We have $$ S=\int_0^1{\mathrm e^{\mathrm i\pi x}x^x(1-x)^{1-x}\mathrm dx} =\int_0^1 (1-x)\, \exp\left\{\left[\mathrm i\pi+\log x-\log(1-x)\right]x\right\}\, \mathrm dx $$

First we verify numerically

p[z_] := (1-z) E^((I π + Log[z] - Log[1 - z]) z)
N[Integrate[p[z], {z, 0, 1}] - (I π E)/24] // Chop
Out[1] = 0

Now we do a substitution

x[t_] := (E^t)/(E^t + 1)
p[x[t]] x'[t] // Simplify // ComplexExpand // FullSimplify
Out[2] = E^((t + E^t (I π + 2 t))/(1 + E^t))/(1 + E^t)^3

It leads us to the integral (please, notice mathematically identical, but slightly shorter form) $$ S = \int_{-\infty}^\infty \exp\left\{(\mathrm i\pi + t)\, \frac{\mathrm e^t}{\mathrm e^t + 1}\right\}\, \frac{\mathrm e^t}{(\mathrm e^t + 1)^3}\, \mathrm dt $$ The integrand has a single pole at $ t=-\mathrm i\pi $ encompassed by the red contour as indicated

enter image description here

Now we push the contour to infinity, whereupon integrals over the vertical tracks vanish. Now it is an easy matter (see the link) to reduce the desired integral to the value of residue at $-\mathrm i\pi$.
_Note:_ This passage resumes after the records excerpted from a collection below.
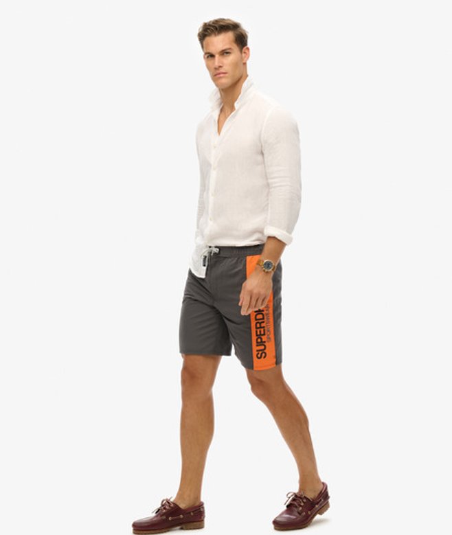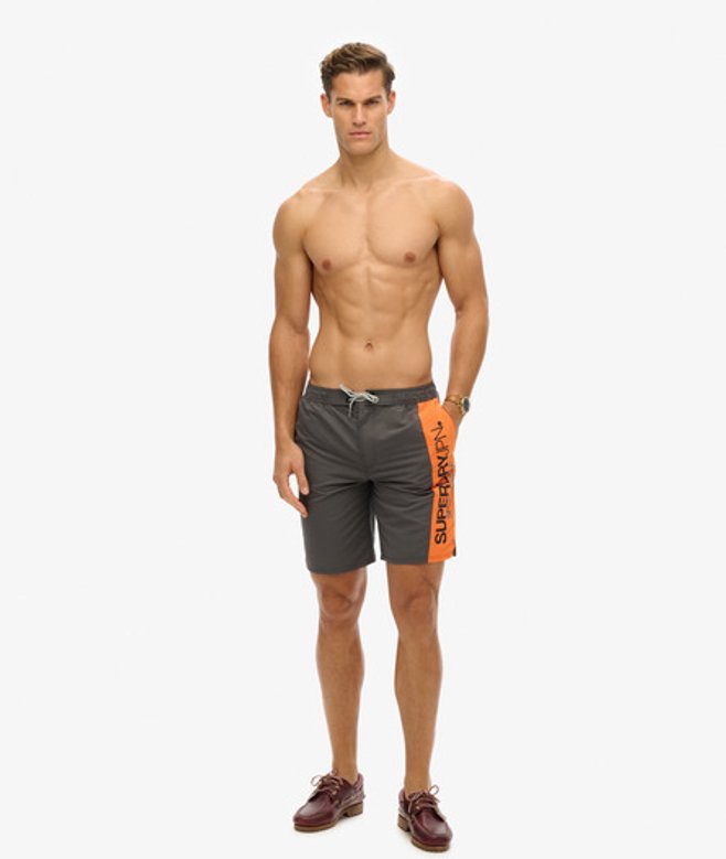 Superdry Gerecyclede Sportswear Boardshort met Logo - 48 cm Donkergrijs
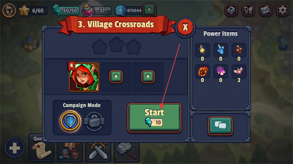 1、當(dāng)前界面是關(guān)卡界面,可看到角色及道具欄,點(diǎn)擊Start按鈕消耗10能量開(kāi)啟關(guān)卡,也可通過(guò)CampaignMode按鈕切換模式,完成后進(jìn)入關(guān)卡游玩。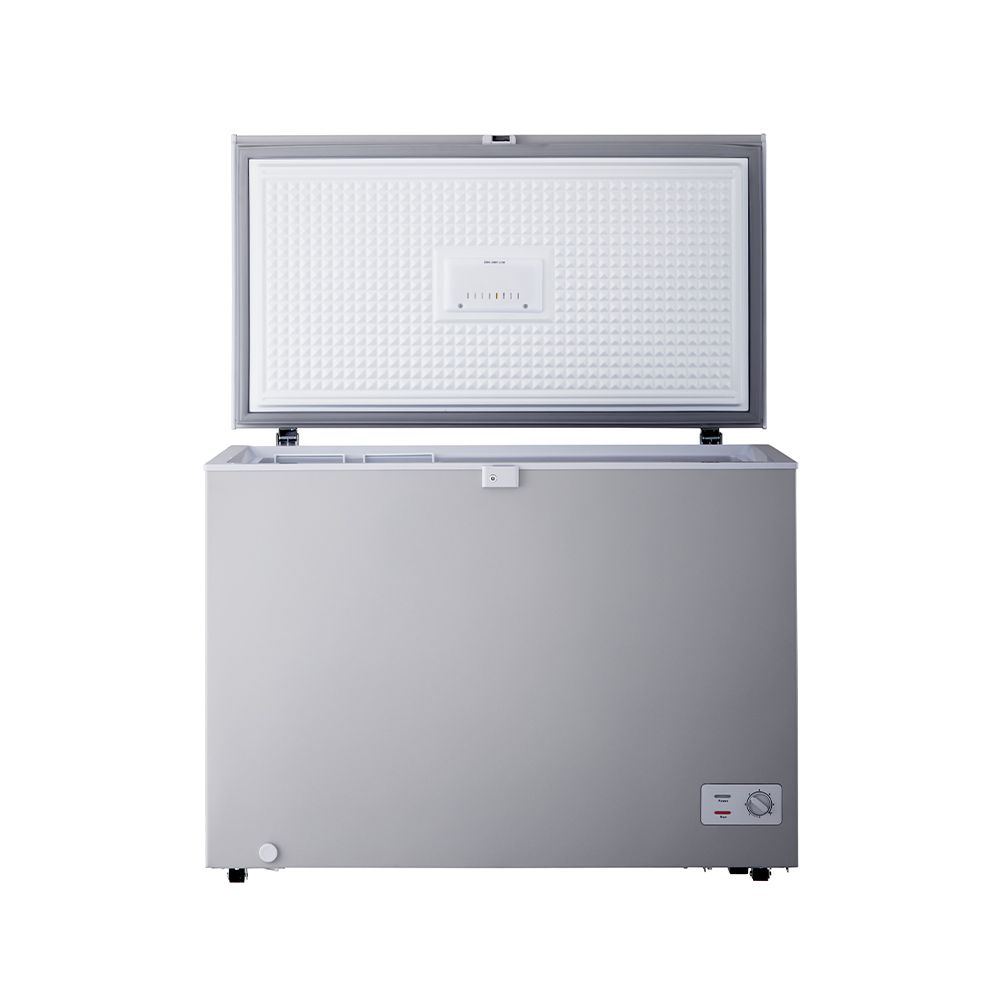 The LG GCS-415GQFG is a 415-liter chest freezer in a sleek silver finish, ideal for large households or commercial use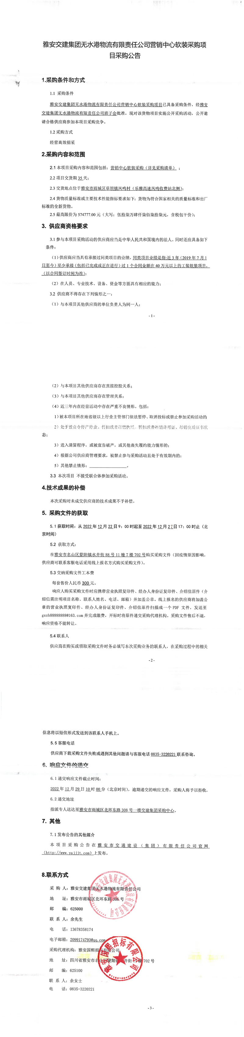 雅安交建集團(tuán)無水港物流有限責(zé)任公司營銷中心軟裝采購項(xiàng)目采購公告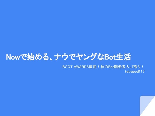 Nowで始める、ナウでヤングなBot生活 BOOT AWARDS直前!秋のBot開発者大LT祭り! tetrapod117
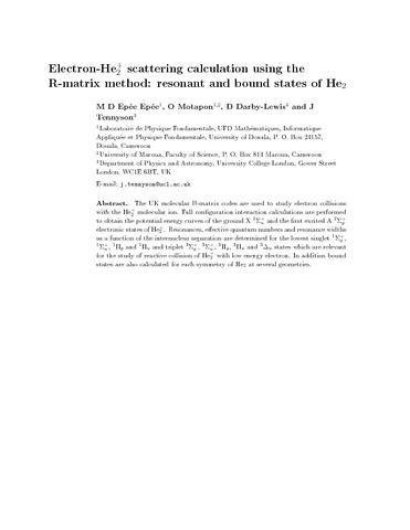 Title: | Electron–He+2 scattering calculation using the R-matrix method: resonant and bound states of He2 |
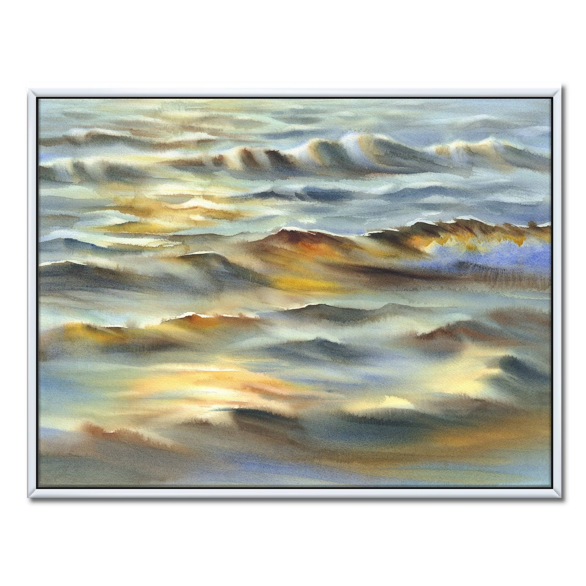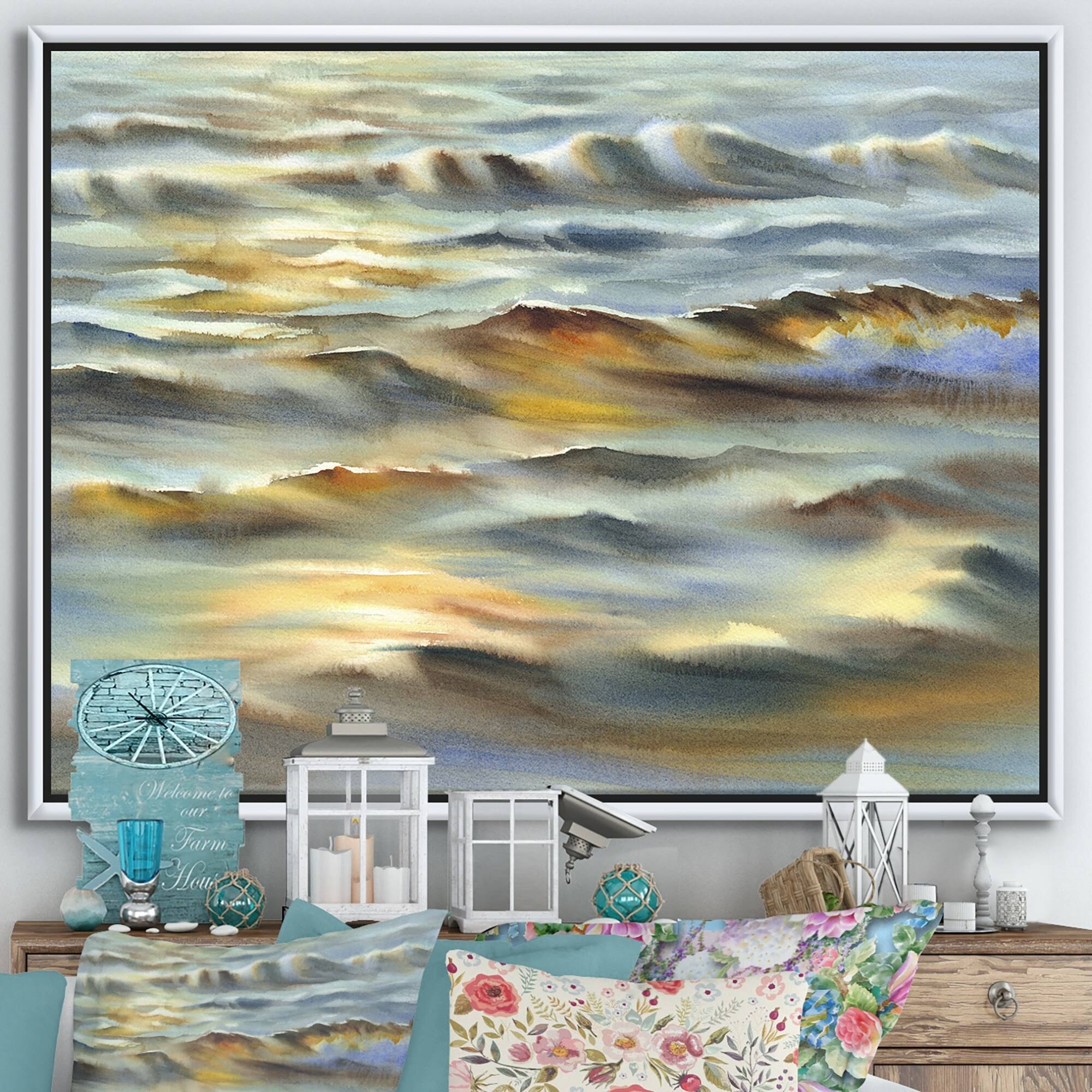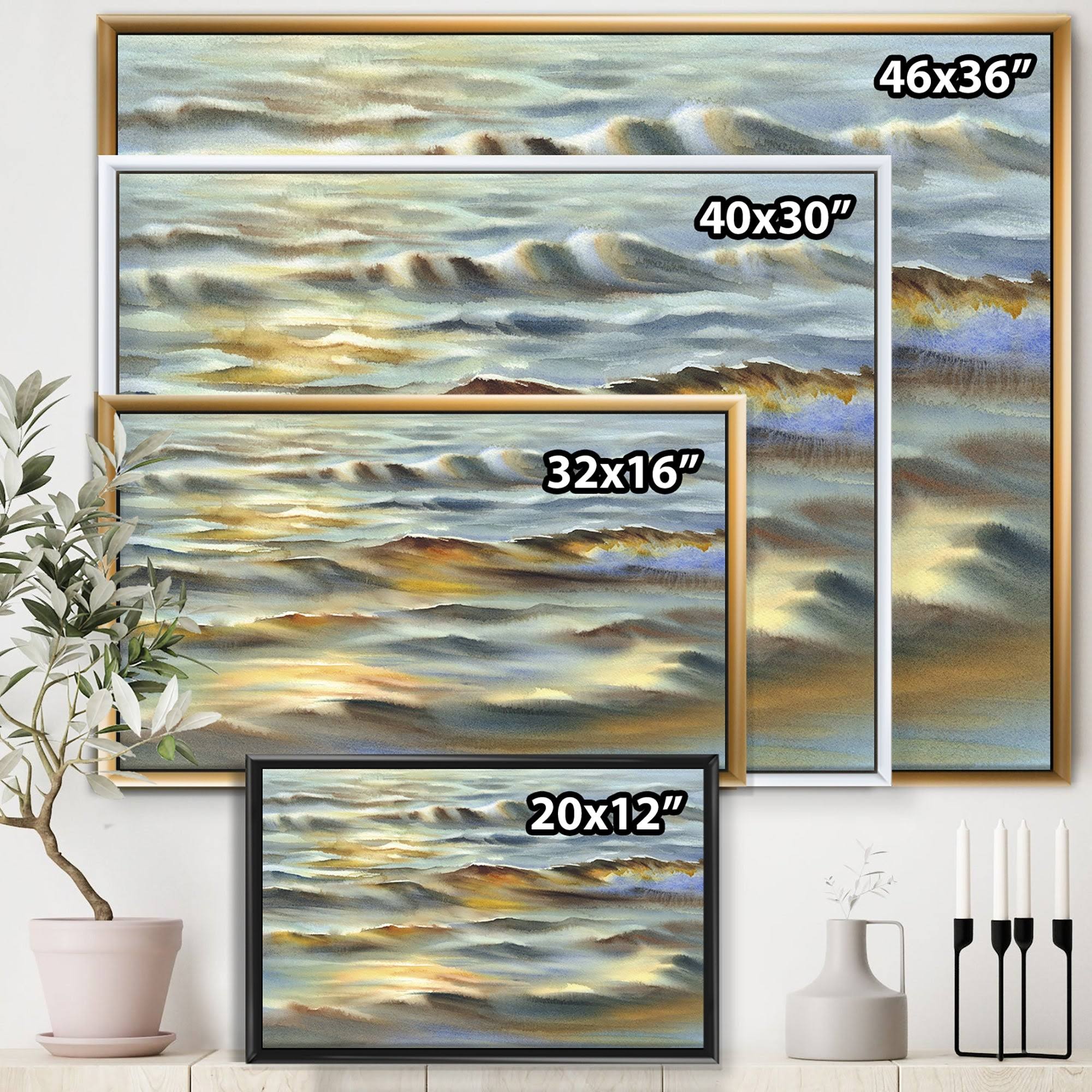 Designart 'Sunlight Reflections of Evening Time Waves' Lakehouse Framed Canvas Wall Art Print - 40 in. Wide x 30 in. High - Whit PM0R_UJK243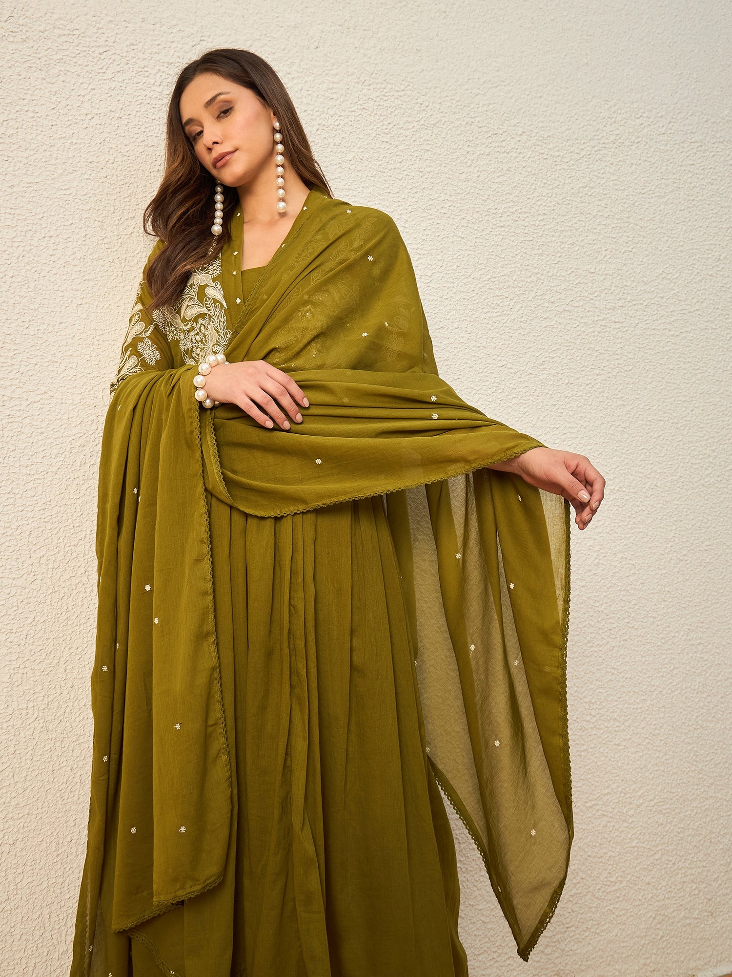 Women Ethnic Motifs Embroidered Panelled Thread Work Kurta with Trousers & With Dupatta
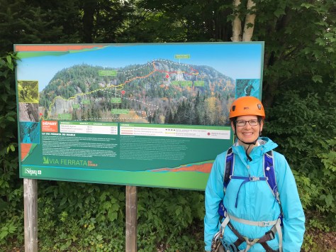 Our morning started early with a waffle and fruit breakfast at our B&B, followed by a taxi ride to the Mont Tremblant National Park. The activities in this area are spaced quite far apart so we are at a bit of a disadvantage having only bicycles. Fortunately, the local taxi service is only a (French) phone call away. Our destination was the Diable Registration Center where we met up with the guide for our via ferrata adventure. We were signed up for the intermediate length trip, which includes 800m of climbing (green and orange on the map below).
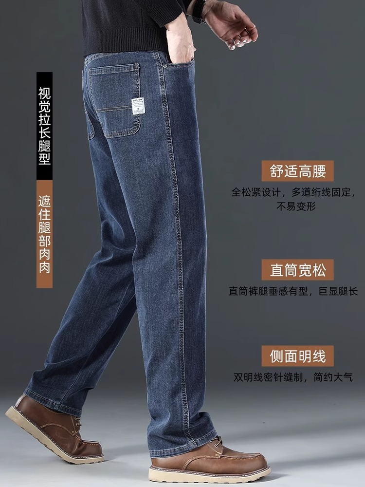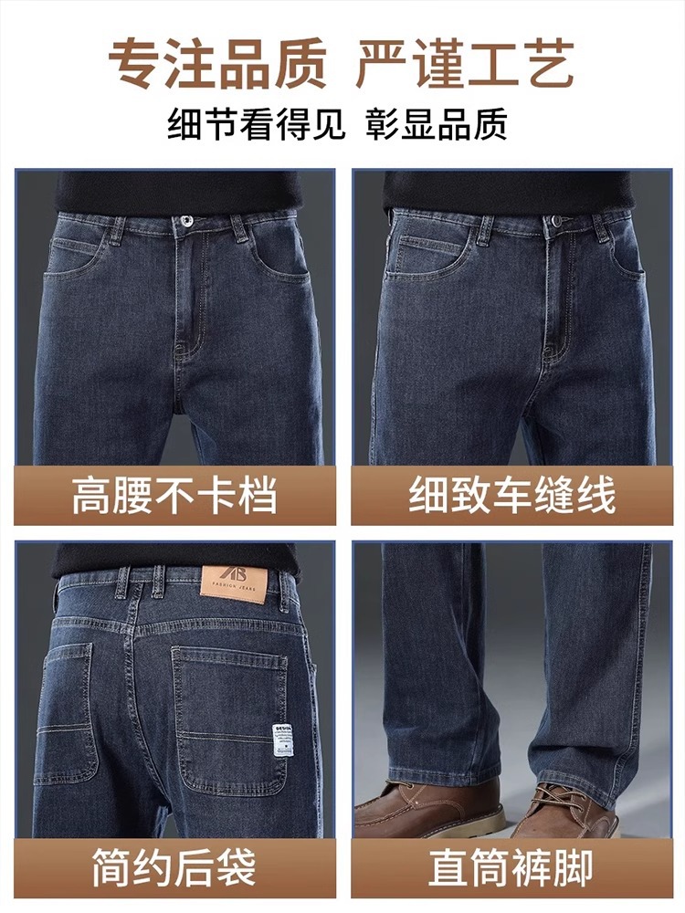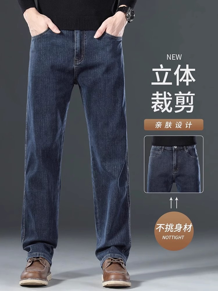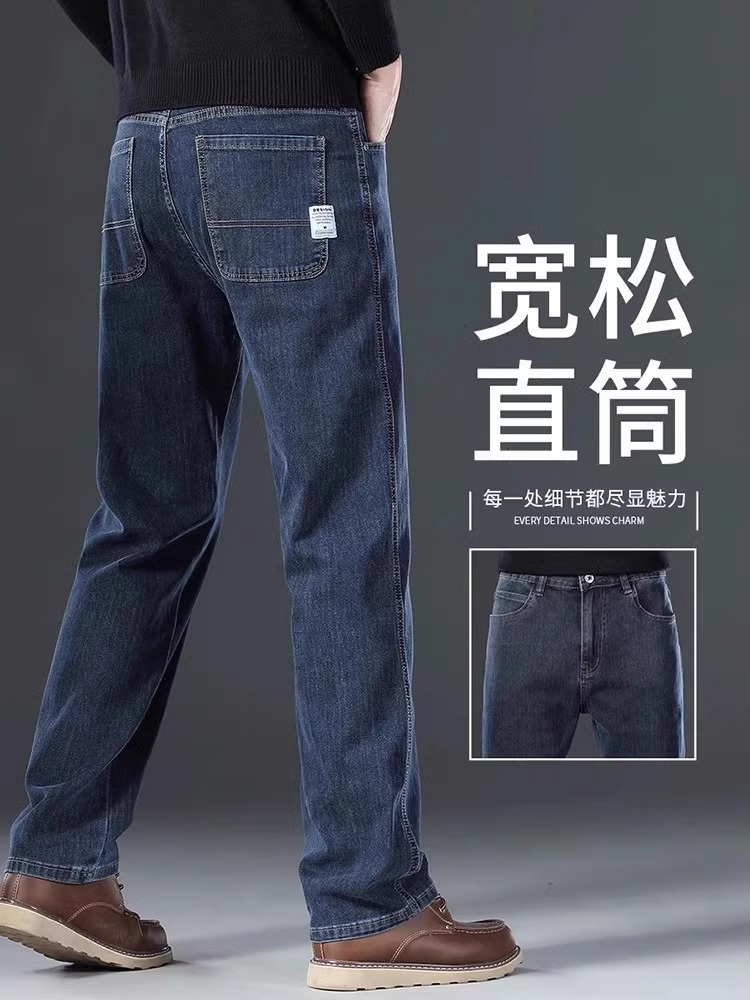 2025 New Autumn and Winter Men's Jeans, Loose Business Straight-Leg Wide-Leg, Plus-Size Casual Pants for Middle-Aged Men

$$ S = -\pi\,\mathrm i\, \mathrm{Res}_{t=-\mathrm i\pi}\left[ \exp\left\{(\mathrm i\pi + t)\, \frac{\mathrm e^t}{\mathrm e^t + 1}\right\}\, \frac{\mathrm e^t}{(\mathrm e^t + 1)^3}\right]. $$

The final result can be obtained as follows

-π I Residue[%, {t, -I π}]
Out[3] = (1/24) I E π

The figure generating code was requested and is presented below. Notice, it derives from some of the posts here. Newer version of MA has ComplexPlot.

Clear[complexPlot]
complexPlot[zf_,xMin_,xMax_,yMin_,yMax_]:=Module[{x,y,h,f},
 f[x_,y_]:={Rescale[Arg[zf[x+I y]],{-Pi,Pi}],Abs[zf[x+I y]],1};
 Graphics[{},PlotRange->{{xMin,xMax},{yMin,yMax}},FrameTicks->{{Table[k π,{k,-5,5}],Table[k π,{k,-5,5}]},{Automatic,Automatic}},
 Epilog->{Inset[Show[ColorCombine[Table[
   Print[i];
   im[i]=ImageTake[Image[DensityPlot[f[x,y][[i]],{x,xMin,xMax},{y,yMin,yMax},
   Frame->None,ImageMargins->0,PlotPoints->60,AspectRatio->Automatic,MaxRecursion->3,
   PlotRangePadding->None,ColorFunction->GrayLevel,ColorFunctionScaling->None,Exclusions->None,PlotRange->Full],ColorSpace->"Grayscale",ImageSize-> 1200],{1,-2},{1,-2}],{i,3}],"HSB"],AspectRatio->Full],
{xMin,yMin},{0,0},{xMax-xMin,yMax-yMin}],
Inset[
Print[4];
ContourPlot[Abs[zf[x+I y]],{x,xMin,xMax},{y,yMin,yMax},PlotPoints->30,AspectRatio->Automatic,MaxRecursion->6,ContourShading->None,Frame->None,ImageMargins->0,PlotRangePadding->None,Contours->6,Exclusions->None,ContourStyle->Directive[Thin,Black],Axes->True,Ticks->None,AxesStyle->Dashed],
{0,0},{0,0},{xMax-xMin,yMax-yMin}],
EdgeForm[Red],FaceForm[None], Rectangle[{-9,-2π},{9,0}]
},
Frame->True,PlotRangePadding->.08]
]

Clear[f]
f[t_]:=E^((t+E^t (I π+2 t))/(1+E^t))/(1+E^t)^3

complexPlot[f,-10,10,-15,15]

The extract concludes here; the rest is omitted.